#### [Task to complete]
The output should be the listing below, limited to the lines from the one with "芋の天ぷらや焼き肉、かしわの" through the one with "Spin through spiraling", exact and without pictures.

:: Task inputs

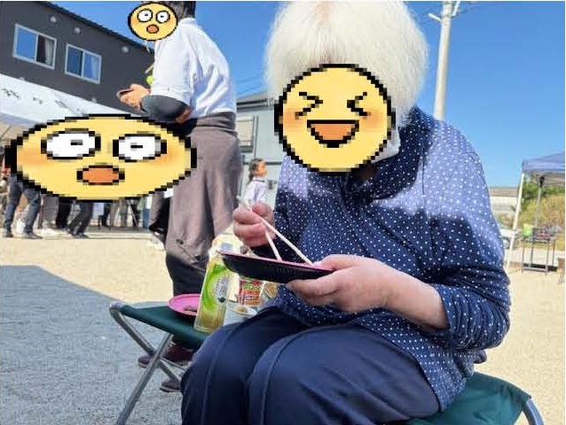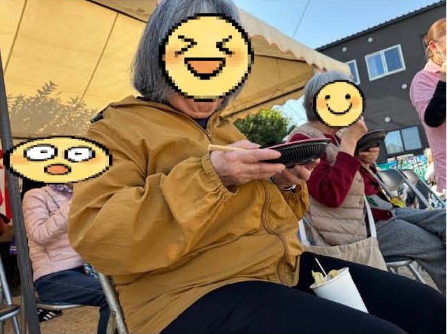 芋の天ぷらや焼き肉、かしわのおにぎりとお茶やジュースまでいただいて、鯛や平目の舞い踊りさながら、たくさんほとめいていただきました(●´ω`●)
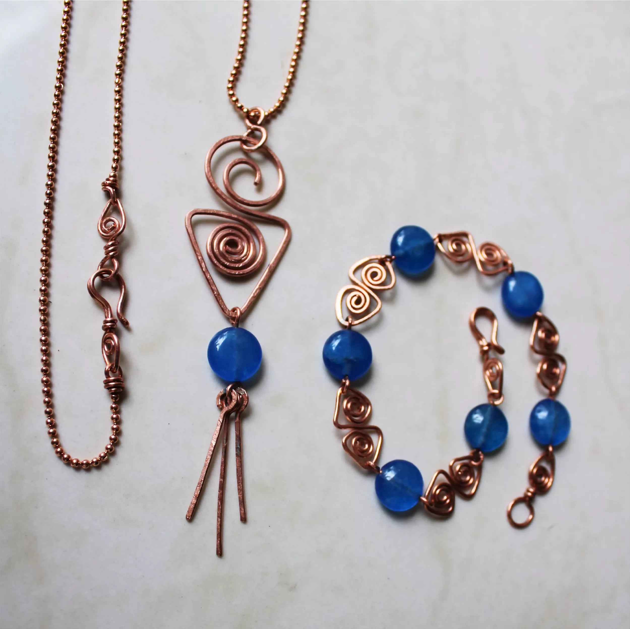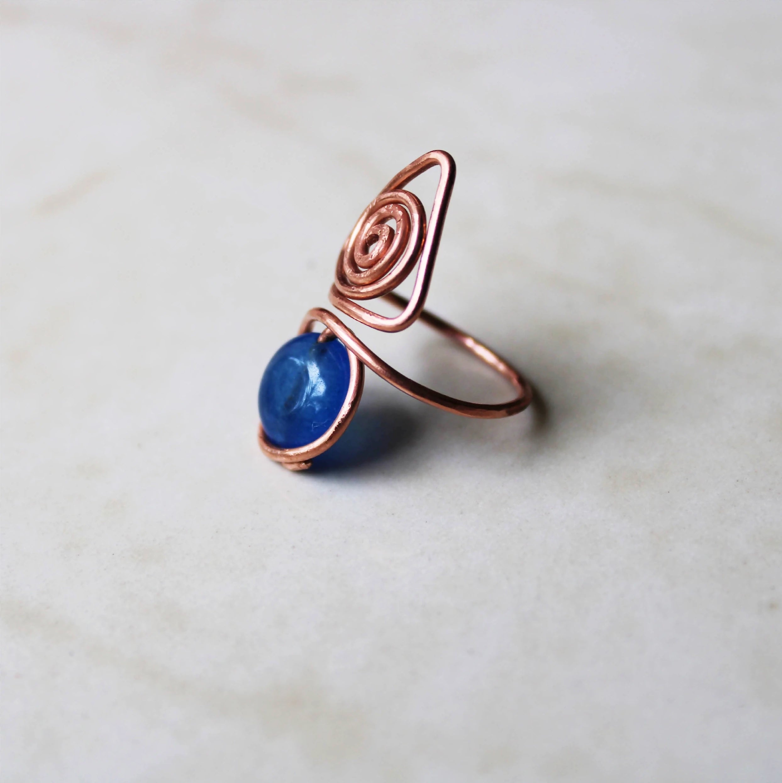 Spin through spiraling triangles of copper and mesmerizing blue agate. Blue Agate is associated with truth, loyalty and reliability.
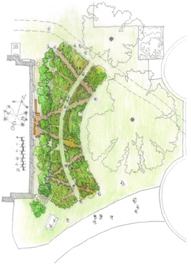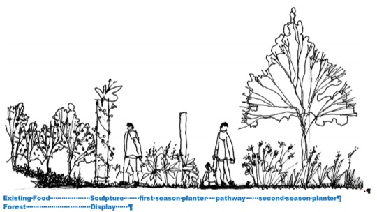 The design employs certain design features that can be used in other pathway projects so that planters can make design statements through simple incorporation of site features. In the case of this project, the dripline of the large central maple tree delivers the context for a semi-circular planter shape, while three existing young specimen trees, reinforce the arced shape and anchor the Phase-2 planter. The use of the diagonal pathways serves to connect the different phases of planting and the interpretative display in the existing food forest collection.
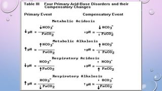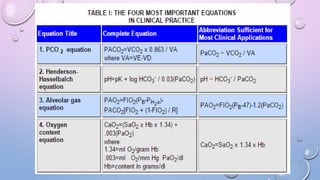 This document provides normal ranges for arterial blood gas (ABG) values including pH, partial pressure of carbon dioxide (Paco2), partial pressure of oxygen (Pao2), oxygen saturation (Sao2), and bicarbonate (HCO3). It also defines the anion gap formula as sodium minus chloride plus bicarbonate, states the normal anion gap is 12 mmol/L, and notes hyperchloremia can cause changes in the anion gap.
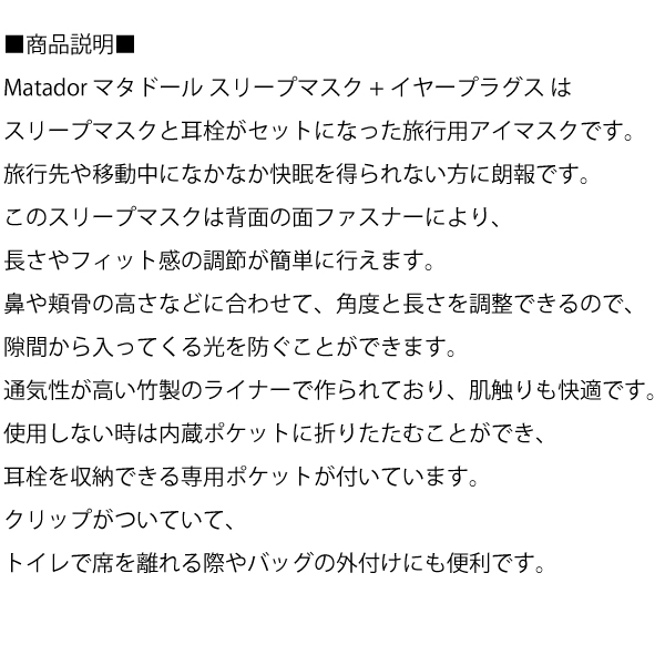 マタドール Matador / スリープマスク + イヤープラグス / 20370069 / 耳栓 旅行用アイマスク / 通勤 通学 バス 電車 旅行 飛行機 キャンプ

::::
:: Task inputs

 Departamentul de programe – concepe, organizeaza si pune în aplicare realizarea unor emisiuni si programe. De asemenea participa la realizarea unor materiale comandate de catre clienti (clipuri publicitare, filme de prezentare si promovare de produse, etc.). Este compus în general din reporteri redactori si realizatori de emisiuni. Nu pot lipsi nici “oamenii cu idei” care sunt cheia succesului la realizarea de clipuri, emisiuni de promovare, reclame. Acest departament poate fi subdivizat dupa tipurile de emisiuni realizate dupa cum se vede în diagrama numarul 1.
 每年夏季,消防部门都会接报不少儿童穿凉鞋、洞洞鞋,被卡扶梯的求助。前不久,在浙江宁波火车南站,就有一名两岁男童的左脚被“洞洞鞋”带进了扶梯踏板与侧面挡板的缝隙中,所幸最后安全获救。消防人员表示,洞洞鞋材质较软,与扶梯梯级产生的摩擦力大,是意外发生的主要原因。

::::

#### [Result below]
 芋の天ぷらや焼き肉、かしわのおにぎりとお茶やジュースまでいただいて、鯛や平目の舞い踊りさながら、たくさんほとめいていただきました(●´ω`●)
 Spin through spiraling triangles of copper and mesmerizing blue agate. Blue Agate is associated with truth, loyalty and reliability.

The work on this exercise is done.